● Entries supplied
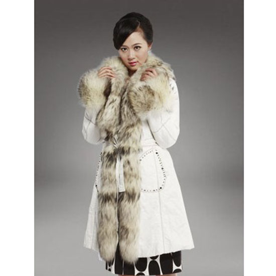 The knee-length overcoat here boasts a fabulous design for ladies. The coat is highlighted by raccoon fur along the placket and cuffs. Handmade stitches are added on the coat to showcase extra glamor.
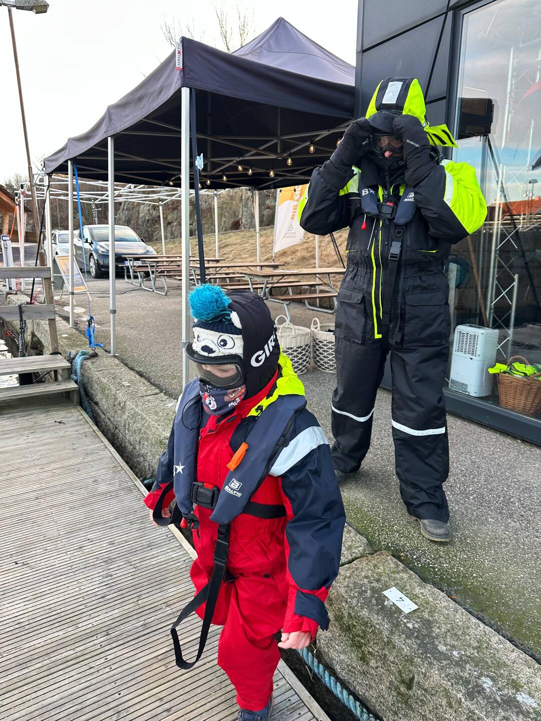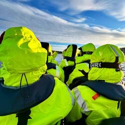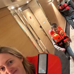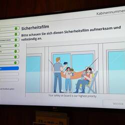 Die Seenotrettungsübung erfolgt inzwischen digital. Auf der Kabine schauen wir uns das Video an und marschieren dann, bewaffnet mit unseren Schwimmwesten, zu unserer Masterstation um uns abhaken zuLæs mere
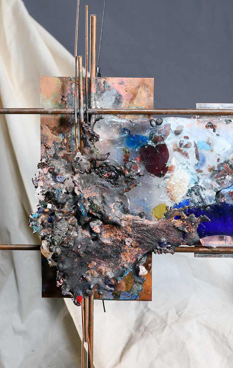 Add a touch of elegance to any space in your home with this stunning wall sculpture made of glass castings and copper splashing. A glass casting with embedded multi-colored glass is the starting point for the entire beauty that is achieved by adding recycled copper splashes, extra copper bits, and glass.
...
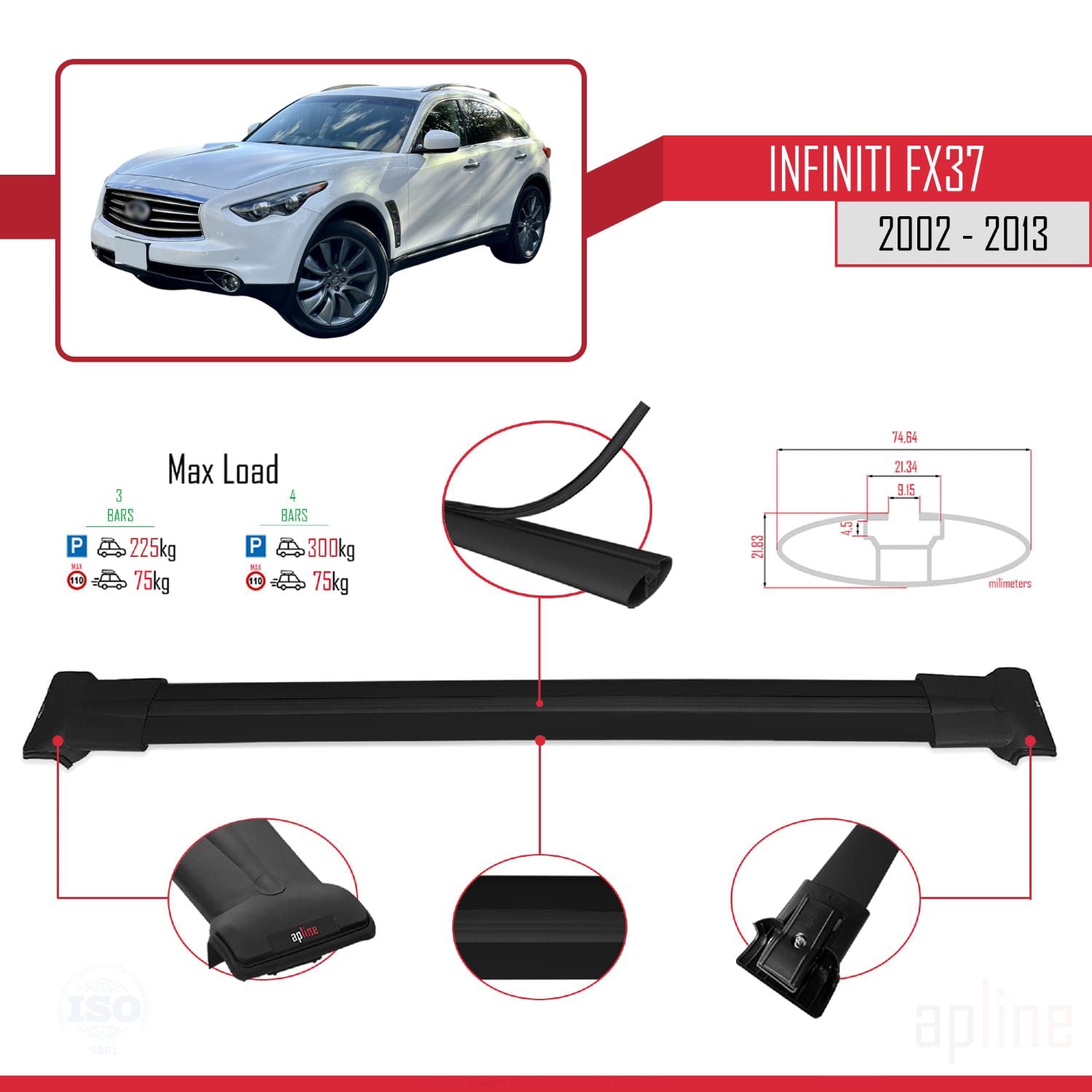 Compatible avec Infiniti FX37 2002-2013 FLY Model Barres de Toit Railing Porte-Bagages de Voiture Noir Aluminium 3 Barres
--
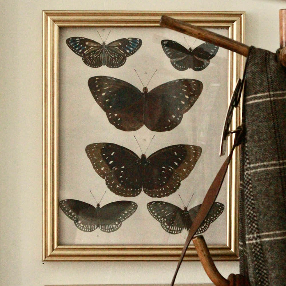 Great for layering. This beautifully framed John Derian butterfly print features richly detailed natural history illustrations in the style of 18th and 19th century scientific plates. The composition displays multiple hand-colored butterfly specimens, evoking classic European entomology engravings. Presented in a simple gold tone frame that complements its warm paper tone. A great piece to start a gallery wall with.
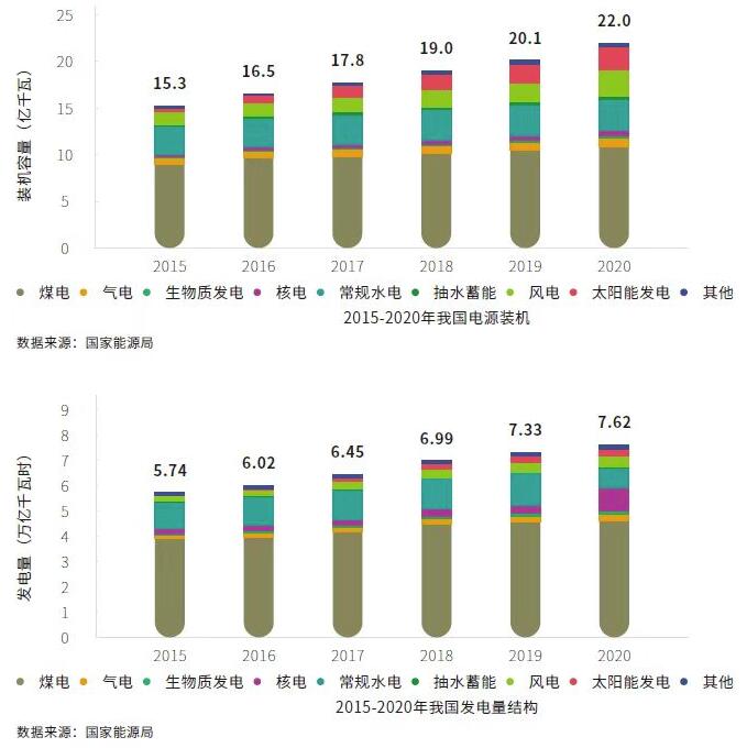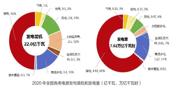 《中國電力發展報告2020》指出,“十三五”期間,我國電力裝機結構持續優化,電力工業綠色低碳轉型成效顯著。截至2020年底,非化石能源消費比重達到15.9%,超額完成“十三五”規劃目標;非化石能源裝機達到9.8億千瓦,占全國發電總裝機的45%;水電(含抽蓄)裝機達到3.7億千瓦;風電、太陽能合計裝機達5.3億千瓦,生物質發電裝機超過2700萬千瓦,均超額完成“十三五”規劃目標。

● Assignment
In the listing above, find the line with "The knee-length overcoat" and the line with "Add a touch". Copy exactly those lines and all between them, minus the images.

● Answer to this exercise
 The knee-length overcoat here boasts a fabulous design for ladies. The coat is highlighted by raccoon fur along the placket and cuffs. Handmade stitches are added on the coat to showcase extra glamor.
 Die Seenotrettungsübung erfolgt inzwischen digital. Auf der Kabine schauen wir uns das Video an und marschieren dann, bewaffnet mit unseren Schwimmwesten, zu unserer Masterstation um uns abhaken zuLæs mere
 Add a touch of elegance to any space in your home with this stunning wall sculpture made of glass castings and copper splashing. A glass casting with embedded multi-colored glass is the starting point for the entire beauty that is achieved by adding recycled copper splashes, extra copper bits, and glass.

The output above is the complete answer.